I understand. I find it somewhat troubling too.
>> void generic(Node)(Node obj) {
>> auto save = obj.indentLevel;
>> scope(exit) obj.indentLevel = save;
>> ...
>> }
>
> Hum, but if the setter is private, protected, or package, or if it just
> doesn't exist, that guarenty doesn't exist.
That means indentLevel is not a property and consequently "generic"
cannot work with that object.
> Another interesting case:
>
> struct S5
> {
> int prop();
> void prop(int x) const;
> }
>
> Not sure what to do with it though, but it certainly breaks your
> guarenty when S5 is invariant. So should the property syntax "s5.prop =
> x;" works only when S5 is mutable, or not at all, or in all cases?

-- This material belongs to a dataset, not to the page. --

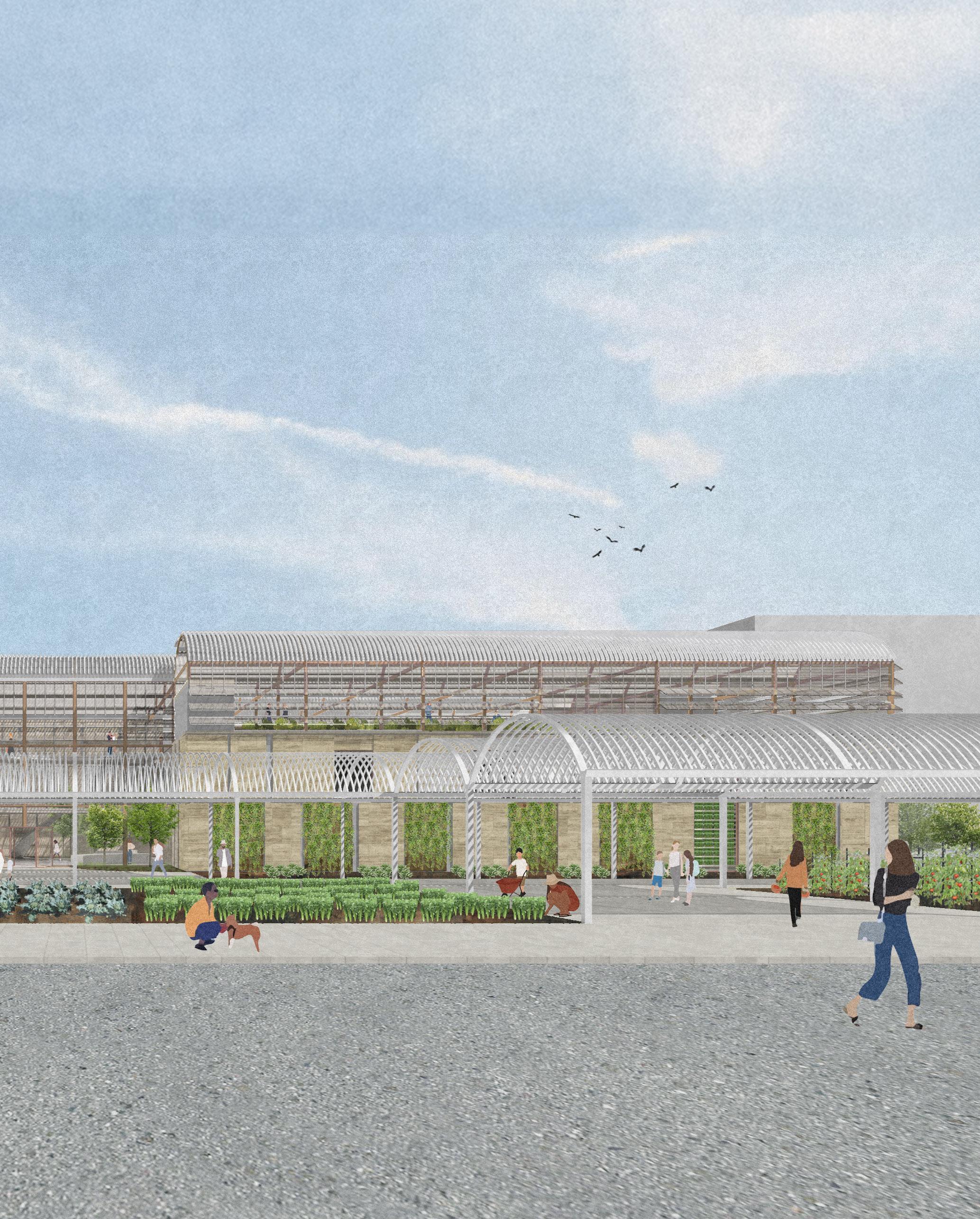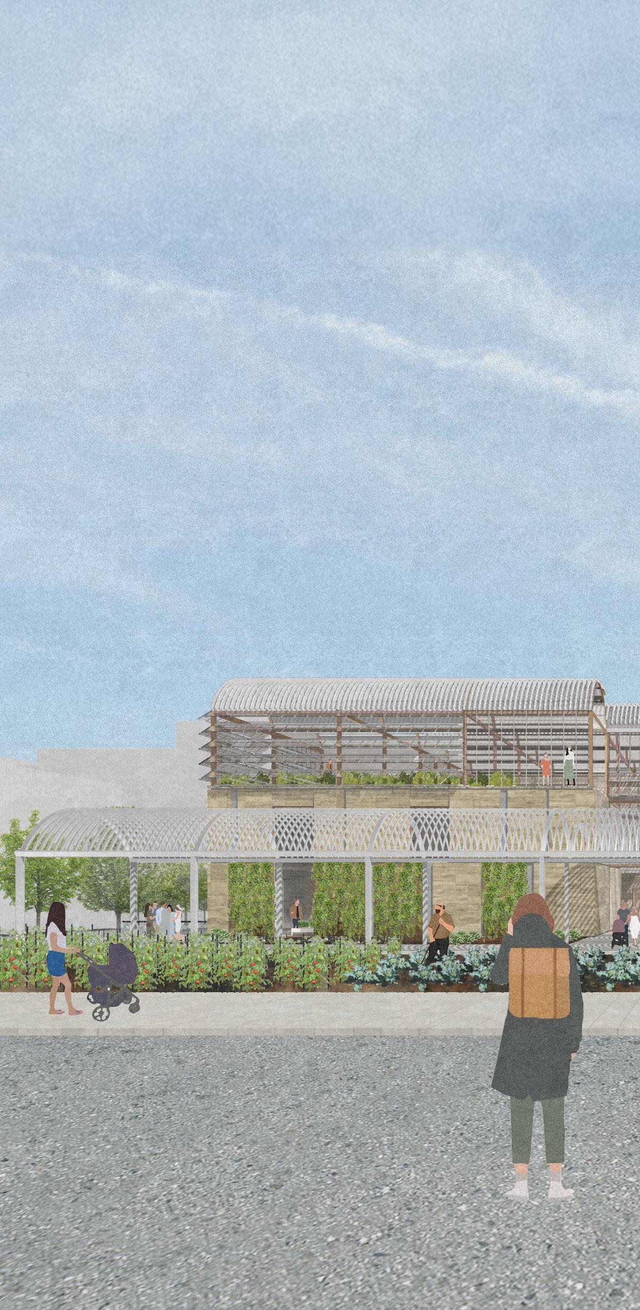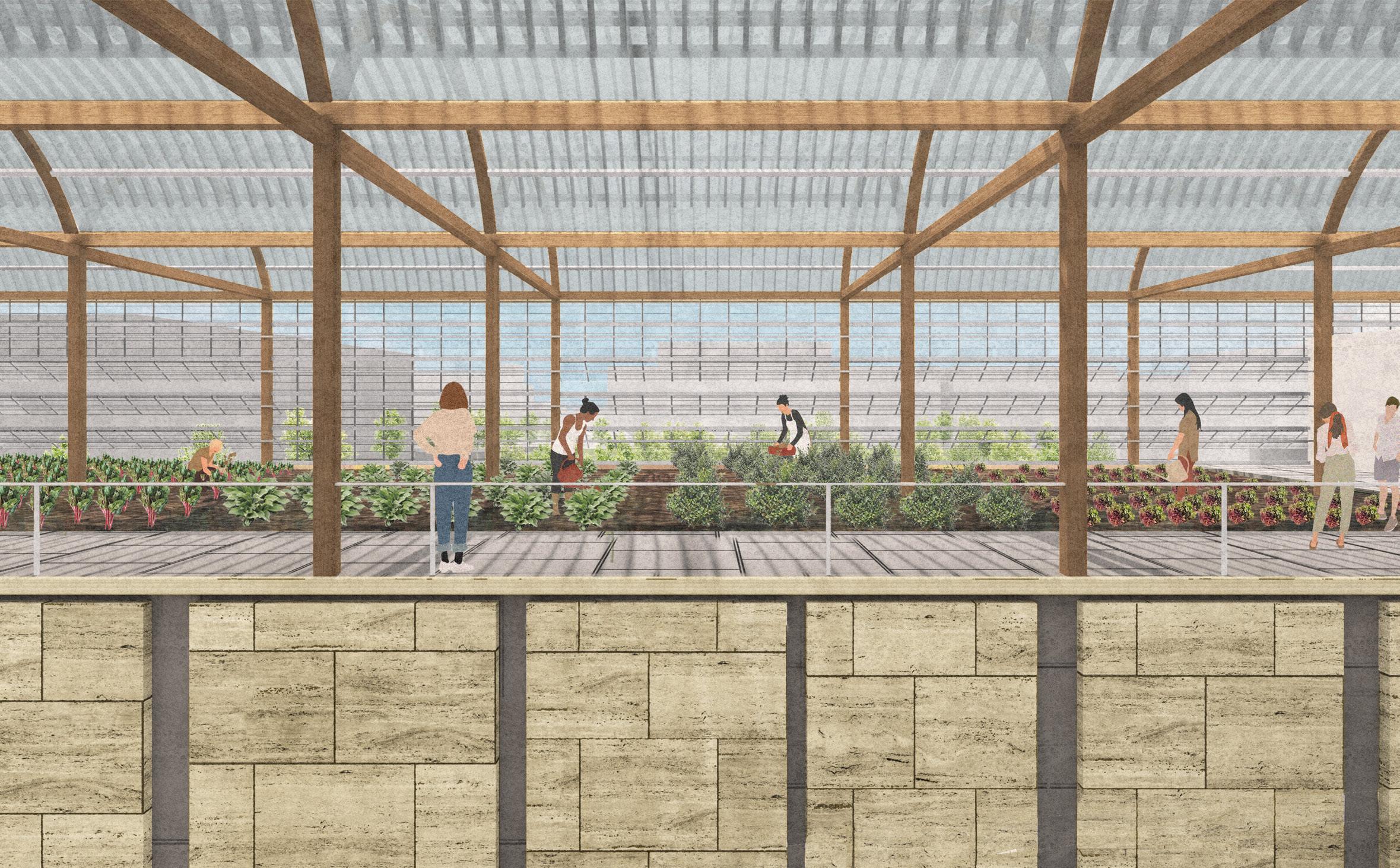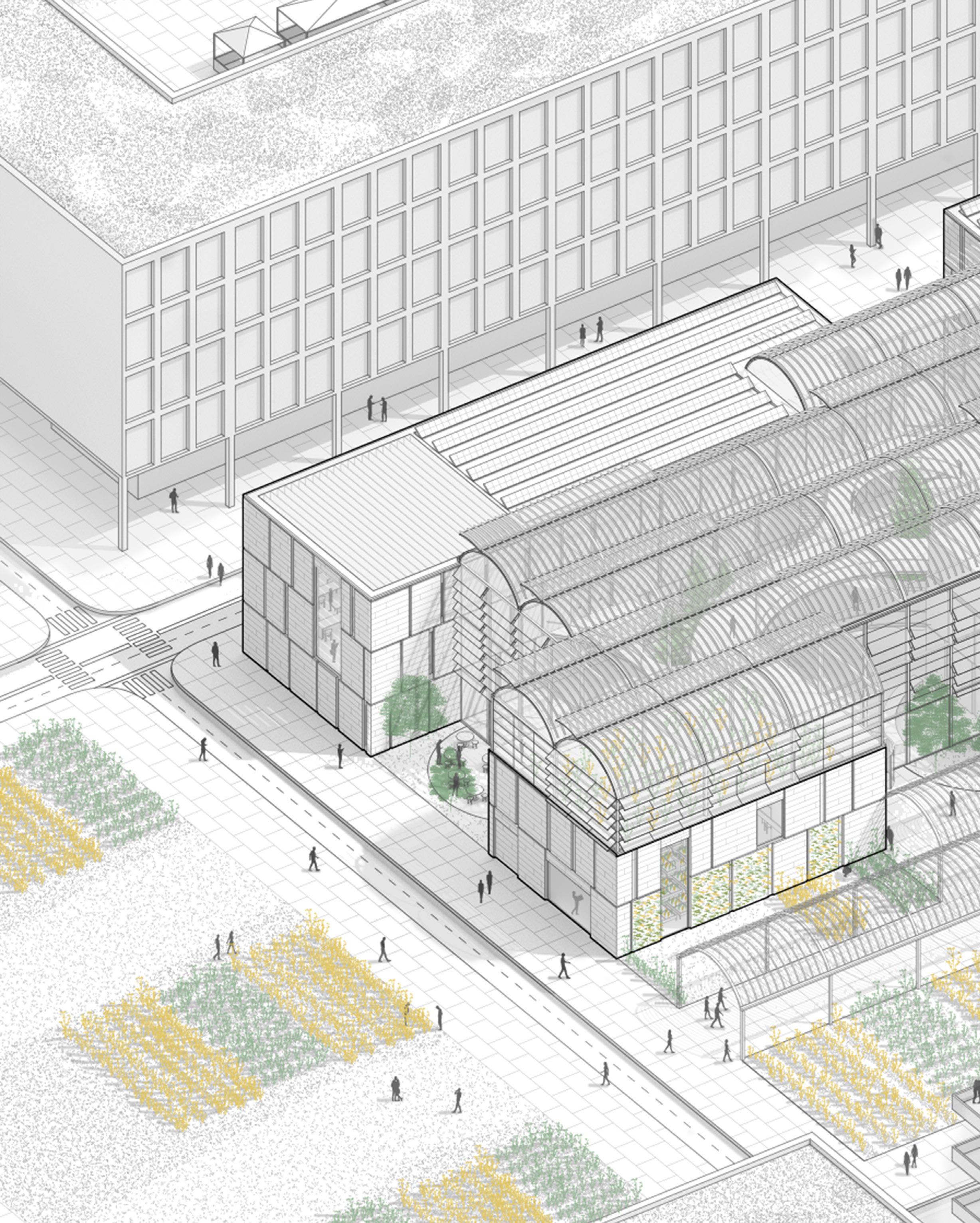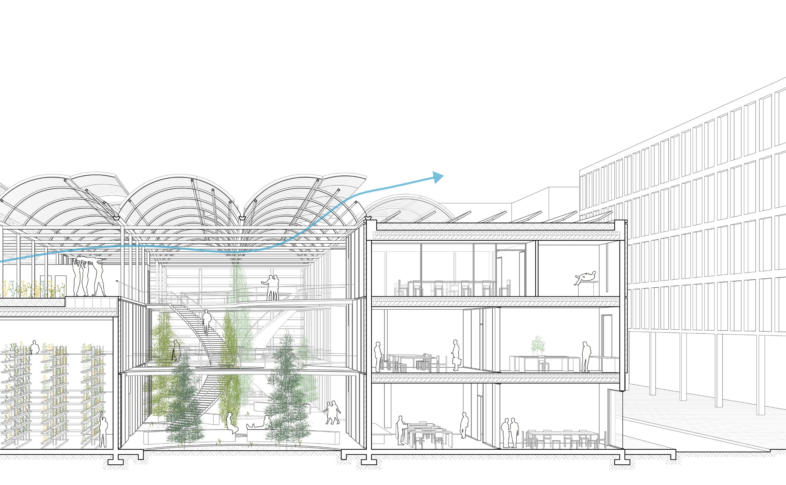 The roof contains integrated bioclimatic systems that protect the climate using automated louvres on the north faces that enable ventilation, water collection between valleys, and sun-reflecting louvres. The roof produces a syncopated rhythm due to repetitive louvres, adding distinctive shadow conditions to the interior. However, the facade aims to break up the rhythm with varyingsized stone panels. Some panels were removed for windows, and others on the south facade were turned into farming panels interacting with the farm in front.

It's very simple. If you have "entity.prop = x" first you check for
"entity.prop(entity.prop)". Does that compile? If so, you rewrite
"entity.prop = x" as entity.prop(x) and continue from there. In your
question s5 can be invariant, const, or mutable. In either case the
usual judgment applies.
> Then what about this strange one:
>
> struct S5
> {
> int prop();
> string prop() invariant;
> void prop(int x) const;
> }
>
> Should the property syntax works when for S5, const(S5), invariant(S5) ?
Same answer.
>>> Then you should probably disallow "ref" and "out" too in the setter.
>>
>> Consider:
>>
>> struct ArrayAppender {
>> ref Array host;
>> void host(ref Array);
>> }
>>
>> That should work as property, ain't it?
>>
>> (Walter has introduced ref returns; I'm already working on an alpha
>> that has the feature. Of course I found bugs, too. :o))
>
> And "out"?
struct S {
ref int prop();
void prop(out int);
}
s.prop(s.prop) does compile, so s.prop = x; should be allowed. However,
I agree it does something counterintuitive (modify the right-hand side).
> Ok, let's clarify that:
>
> struct S1
> {
> int prop();
> static void prop(int x);
> }
>
> struct S2
> {
> static int prop();
> void prop(int x);
> }
>
> S1 s1;
> s1.prop = 1; // ok, because s1.prop returns int.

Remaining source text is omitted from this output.